Münchens OB Reiter im Stammstrecken-Ausschuss: "Was ich wusste, ist überschaubar"

München - Täglich, so hieß es zumindest, schrieben sich der Münchner Oberbürgermeister Dieter Reiter (SPD) und der bayerische Ministerpräsident Markus Söder (CSU) während Corona SMS hin und her.
Und auch nach der Pandemie liefen sich die beiden über den Weg: Um das Wiesn-Bier anzuzapfen oder auch um eine Plakette zu Ehren von Meister Eder und dem Pumuckl zu enthüllen. Was passiert bei solchen Terminen? "Man hält den Pumuckl in die Höhe und dann geht man wieder", sagt Reiter.

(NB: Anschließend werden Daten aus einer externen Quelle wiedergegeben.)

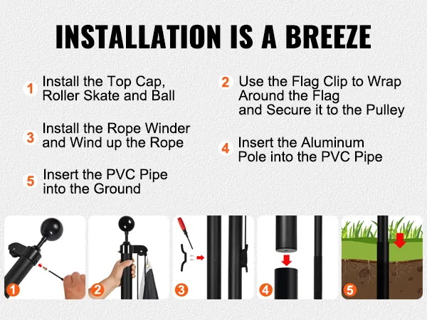 Our detachable flagpole kit includes detailed installation instructions. From installing the gold ball and pulley on the main pole to securing the flag with aluminum clips, installing the rope winder and fitting the detachable aluminum tube, and finally inserting the PVC pipe underground.

Reiter spricht von "Faustschlag ins Gesicht der Verkehrswende"
Eine Gelegenheit am Rande auch etwas Ernsthaftes anzusprechen – etwa wie es eigentlich mit der riesigen Baustelle hinter seinem Rathaus läuft, wo eines Tages die S-Bahnen auf der Zweiten Stammstrecke halten sollen – sieht Reiter nicht.
Zumindest sagte er das als Zeuge im Untersuchungsausschuss, den der Landtag eingesetzt hat, um aufzuklären, wie es zu der massiven Verzögerung beim Bau der Zweiten Stammstrecke kommen konnte. Statt 2026 soll diese nun erst 2035 fertig sein. Der Kontakt zwischen Staatsregierung, Bahn und dem Münchner Rathaus zu dem Thema war jedenfalls laut Reiter begrenzt. Er nennt die Verzögerung zwar einen "Faustschlag ins Gesicht der Verkehrswende". Doch: "Was ich wann gewusst habe, ist überschaubar."
Reiter: Bahn-Projektleiter durften nichts Konkretes sagen
Etwa einmal im Jahr sei der Stadtrat über den Fortgang bei dem Projekt informiert worden. Die Projektleiter der Bahn seien erreichbar gewesen und hätten Führungen über die Baustelle angeboten. Daran teilgenommen habe er nicht, sagte Reiter. Lieber sollte die Bahn ihm alles zeigen, wenn die Röhre fertig ist, meinte er.
Das Problem sei gewesen, dass die Projektleiter nichts Konkretes sagen durften, so Reiter. Auch der Kontakt mit dem bayerischen Verkehrsministerium war dem OB zufolge nicht gut. Es sollte mehrere Gipfel zur Stammstrecke geben – doch die seien immer wieder abgesagt worden und zwar von der bayerischen Staatskanzlei.
OB Reiter kritisiert ehemalige Verkehrsministerin
Besonders dürftig lief laut Reiter wohl der Kontakt mit der ehemaligen Verkehrsministerin Kerstin Schreyer (CSU). In Schreiben habe er sie dazu aufgefordert, mit ihm über die Zeitschiene bei der Stammstrecke zu sprechen. "Ich habe mehrere Nachfragen gestellt und versucht, Frau Schreyer einen Termin abzuringen", sagte Reiter. Er habe sie nur einmal persönlich bei einem Termin getroffen. Das sei noch mit keinem Verkehrsminister so gewesen. "Da war keine Kommunikationsebene vorhanden."

Seit Christian Bernreiter das Amt übernommen hat, habe sich das verbessert. Schreyers Amtszeit fiel zwar unter Corona – aber trotzdem findet Reiter: "Es geht besser."
Verbessern könnte sich wohl auch der Draht nach Berlin. Denn München plant weitere ÖPNV-Projekte. Im Winter rechnete der Kämmerer mit Kosten von 30 Milliarden Euro. Reiter appellierte deshalb, dass mehr Geld vom Bund kommen müsse – und eigentlich hatte Kanzler Olaf Scholz (SPD) das auch einst versprochen. "Das dürfen nicht nur Sonntagsreden bleiben", fordert der OB.